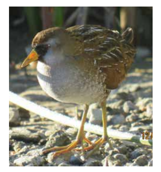
Fig. 3: Sora at Quail Lake

Quail Lake, off of Highway 138, two species of rail live in secrecy. Yes, their bodies are thin, which aids them in their secretive movements through the thick marsh. The Virginia Rail (Fig. 2) has a long bill, with which it probes for insects, slugs, snails, crustaceans and worms. The Sora (Fig. 3) sports a short, stout bill for cracking open seeds of various plants. Other lo-
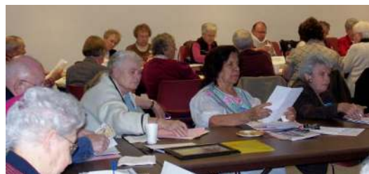
ALTC Advisory Council meeting

See the Appendices for documentation of forums, Advisory Council membership and public hearings.
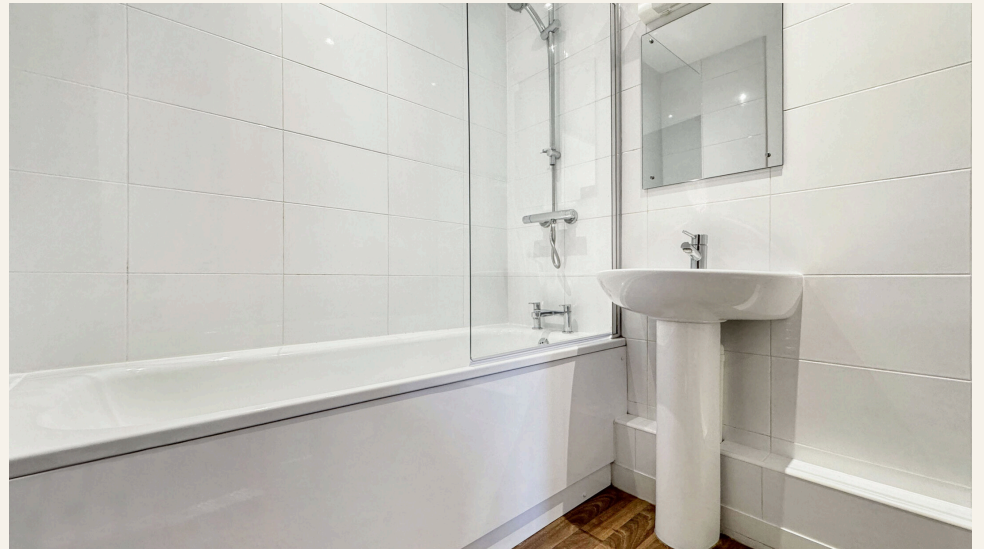
KITCHEN · FRONT ASPECT · BEDROOM · BATHROOM
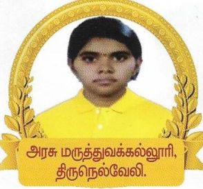
அரசு மருத்துவக்கல்லூரி, திருநெல்வேலி.
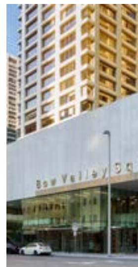
Your Office Tower
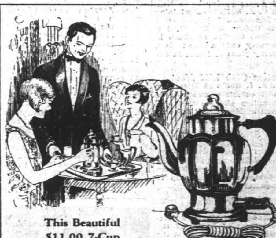
This Beautiful $11.00 7-Cup

Your Car Deserves SEIBERLINGS America's Finest Tire ZOSSEL'S TIRE SHOP 189 S. Commercial Tel. 471
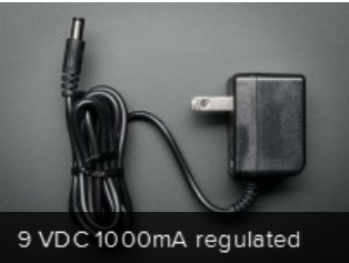
9 VDC 1000mA regulated

—————

● **Exercise prompt**: Whenever a picture appears in the listing, leave it out; copy everything else exactly.

● **The completed task**:
Fig. 3: Sora at Quail Lake

Quail Lake, off of Highway 138, two species of rail live in secrecy. Yes, their bodies are thin, which aids them in their secretive movements through the thick marsh. The Virginia Rail (Fig. 2) has a long bill, with which it probes for insects, slugs, snails, crustaceans and worms. The Sora (Fig. 3) sports a short, stout bill for cracking open seeds of various plants. Other lo-
ALTC Advisory Council meeting

See the Appendices for documentation of forums, Advisory Council membership and public hearings.
KITCHEN · FRONT ASPECT · BEDROOM · BATHROOM
அரசு மருத்துவக்கல்லூரி, திருநெல்வேலி.
Your Office Tower
This Beautiful $11.00 7-Cup

Your Car Deserves SEIBERLINGS America's Finest Tire ZOSSEL'S TIRE SHOP 189 S. Commercial Tel. 471
9 VDC 1000mA regulated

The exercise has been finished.